Records supplied START

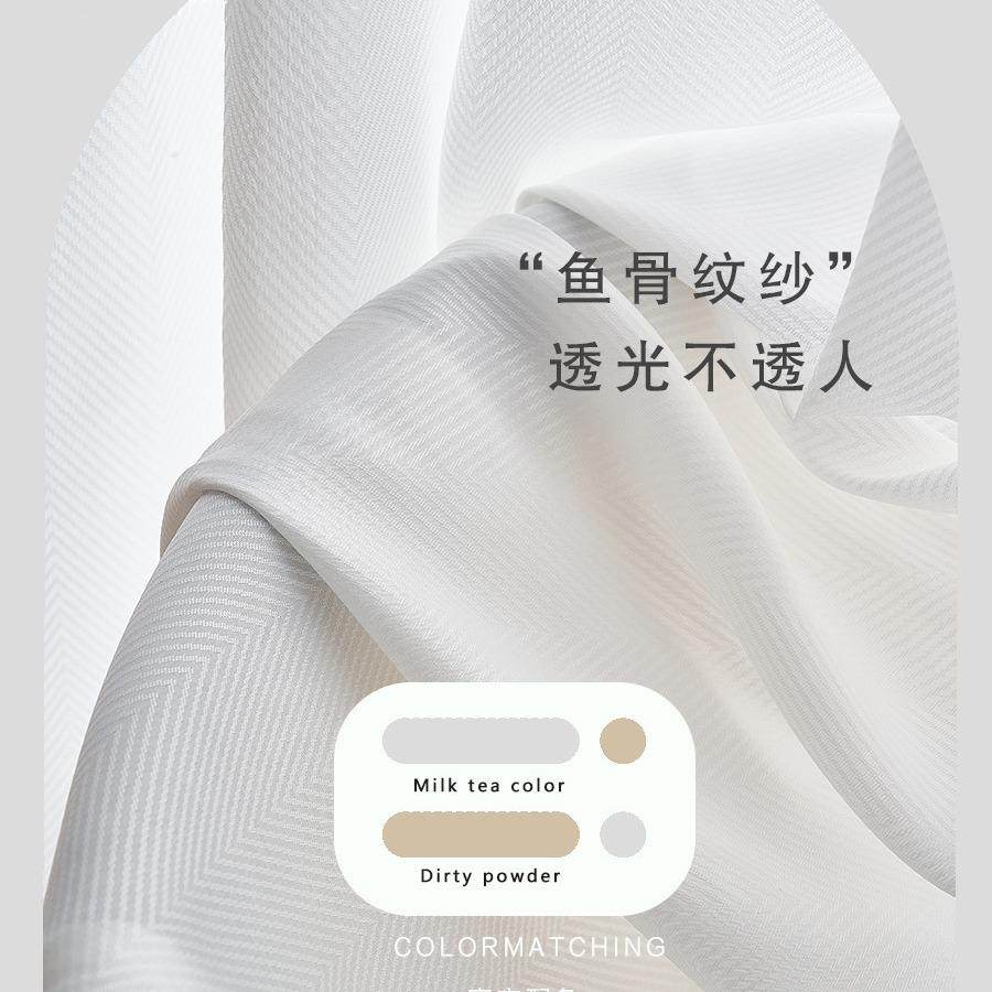 现代轻奢鱼骨纹透光不透人字形纯白窗纱纱帘阳台卧室客厅加厚窗帘
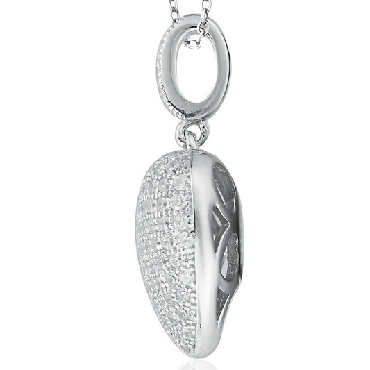 Suzy Levian White Cubic Zirconia Sterling Silver Pave Heart Pendant
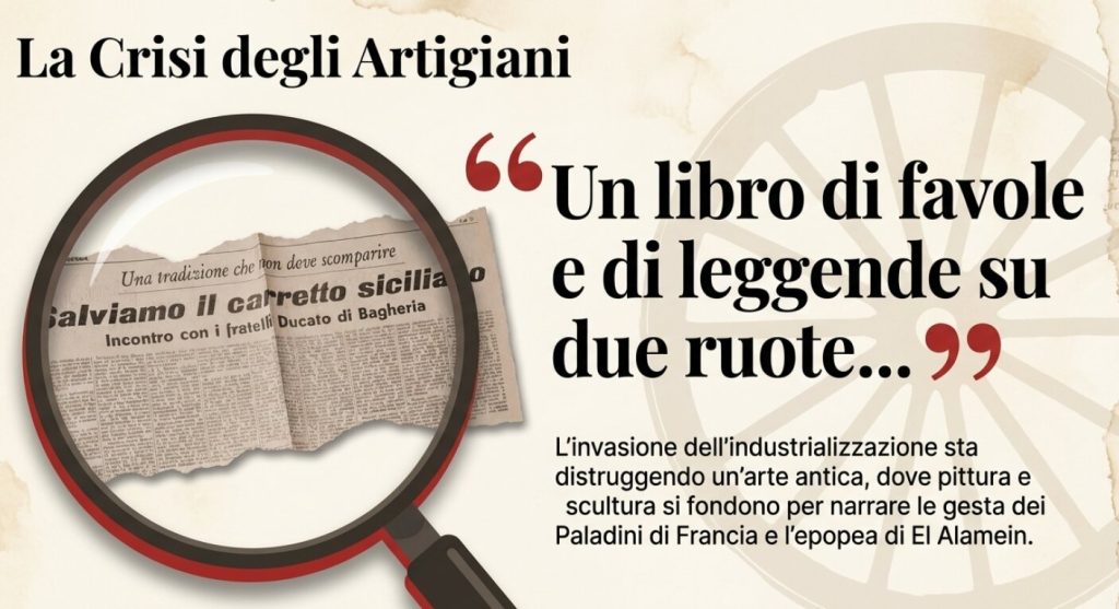L’articolo si presenta come un accorato appello per la salvaguardia di un’arte che, già nel 1965, rischiava di scomparire sotto i colpi della “civiltà meccanicistica”. Il carretto non viene visto come un semplice mezzo di trasporto, ma come un “libro di favole e di leggende su due ruote”, un oggetto d’arte dove pittura e scultura si fondono per raccontare le gesta dei Paladini di Francia, episodi biblici o fatti storici recenti come El Alamein.
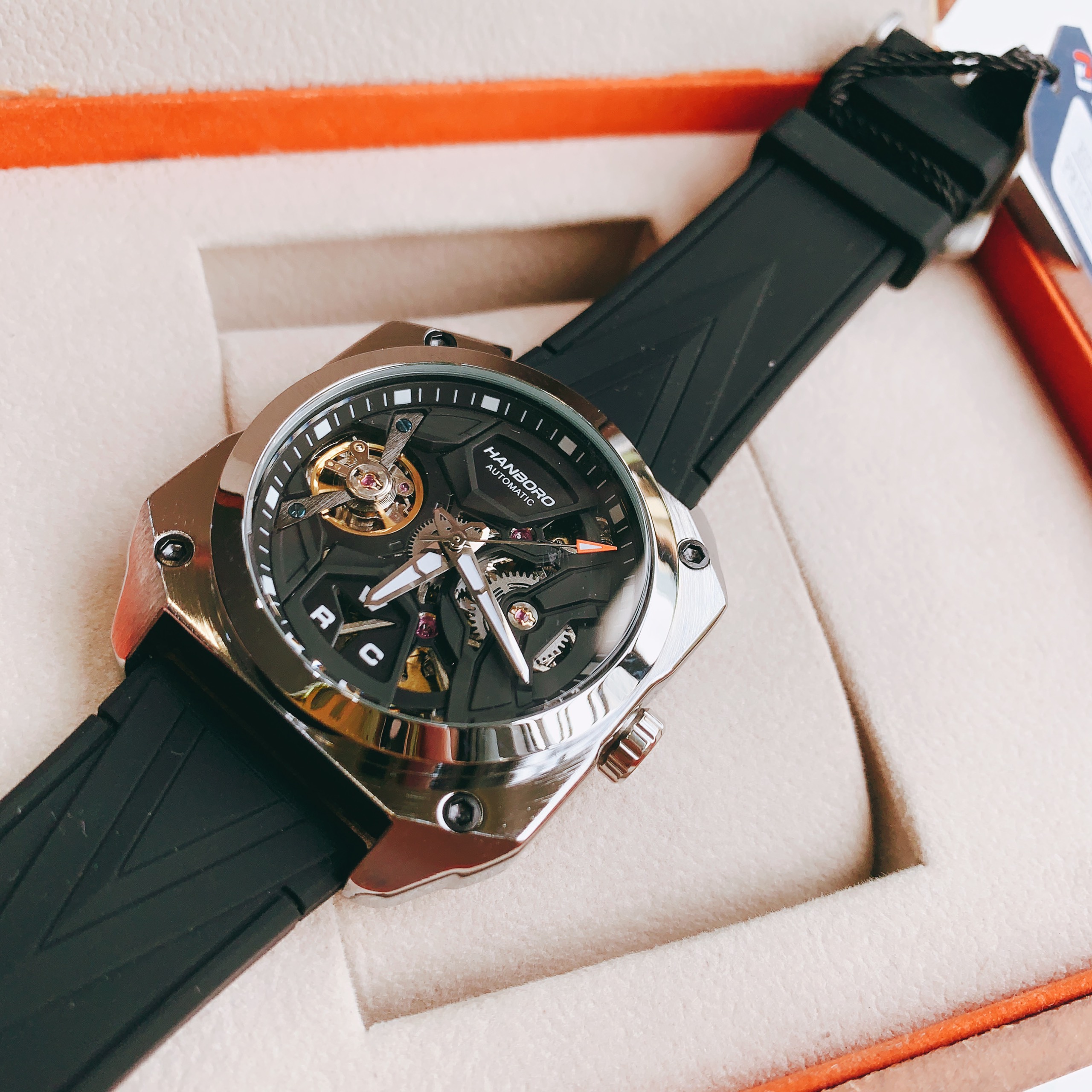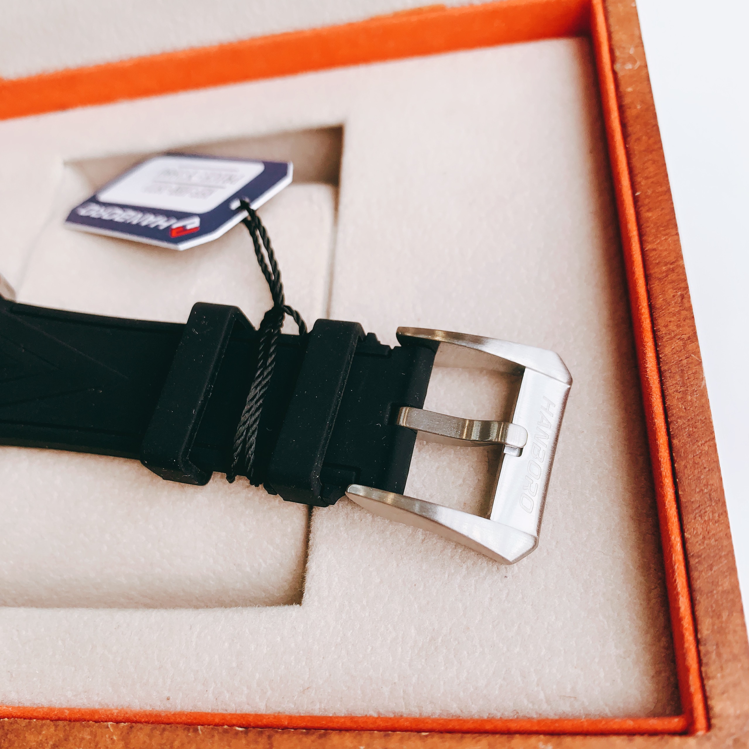Đồng hồ mặt vuông Hanboro nam dây cao su màu đen chính hãng
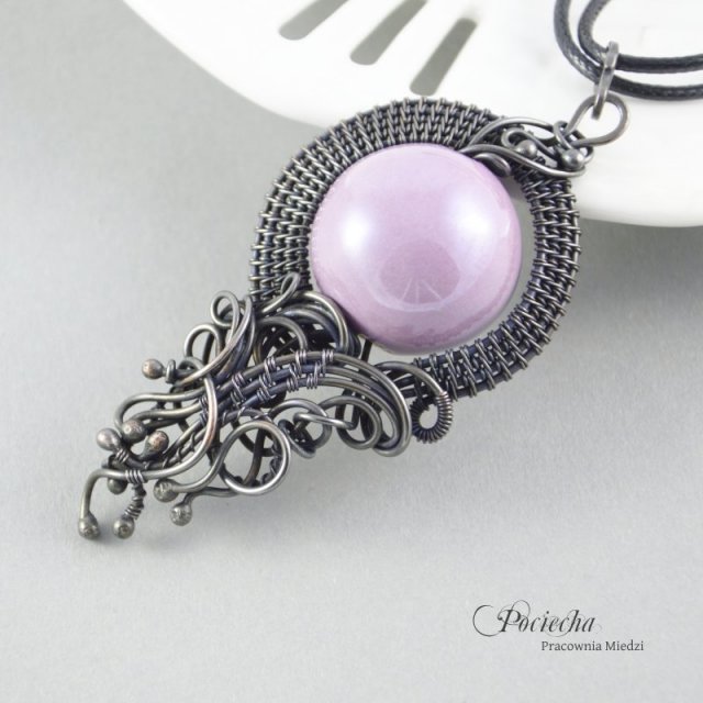 Naszyjnik z okazałym wisiorem. Od podstaw stworzony ręcznie z miedzi. Centrum wisiora stanowi duża ceramiczna kula o pięknym kolorze. Została ona opleciona misternie miedzią. Wisior zawiesiłam na podwójnym sznurze jubilerskim zaopatrzonym w zapięcie ręcznie robione kute. Obwód wynosi ok. 56 cm. Wisior wraz z krawatką ma wymiary 9,8 x 4,2 cm. Miedź patynowana na czarnyor i polerowana. Kula ma średnicę ok. 2,6 cm. Projekt autorskie polecam.
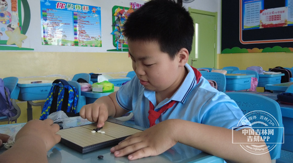 15日12时,长春净月潭实验小学正值午休,同学们正在操场上玩耍,走进班级,爱马正在与同学下象棋。
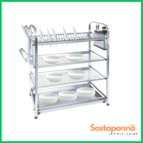 Disnie 4 Layer 24 Plates Stainless Steel Kitchen Storage Rack – 26 Inch

Records supplied END

- What the task requires:
A verbatim copy of every record is to be produced, and pictures are to be excluded from it.

- Answer box:
 现代轻奢鱼骨纹透光不透人字形纯白窗纱纱帘阳台卧室客厅加厚窗帘
 Suzy Levian White Cubic Zirconia Sterling Silver Pave Heart Pendant
L’articolo si presenta come un accorato appello per la salvaguardia di un’arte che, già nel 1965, rischiava di scomparire sotto i colpi della “civiltà meccanicistica”. Il carretto non viene visto come un semplice mezzo di trasporto, ma come un “libro di favole e di leggende su due ruote”, un oggetto d’arte dove pittura e scultura si fondono per raccontare le gesta dei Paladini di Francia, episodi biblici o fatti storici recenti come El Alamein.
Đồng hồ mặt vuông Hanboro nam dây cao su màu đen chính hãng
 Naszyjnik z okazałym wisiorem. Od podstaw stworzony ręcznie z miedzi. Centrum wisiora stanowi duża ceramiczna kula o pięknym kolorze. Została ona opleciona misternie miedzią. Wisior zawiesiłam na podwójnym sznurze jubilerskim zaopatrzonym w zapięcie ręcznie robione kute. Obwód wynosi ok. 56 cm. Wisior wraz z krawatką ma wymiary 9,8 x 4,2 cm. Miedź patynowana na czarnyor i polerowana. Kula ma średnicę ok. 2,6 cm. Projekt autorskie polecam.
 15日12时,长春净月潭实验小学正值午休,同学们正在操场上玩耍,走进班级,爱马正在与同学下象棋。
 Disnie 4 Layer 24 Plates Stainless Steel Kitchen Storage Rack – 26 Inch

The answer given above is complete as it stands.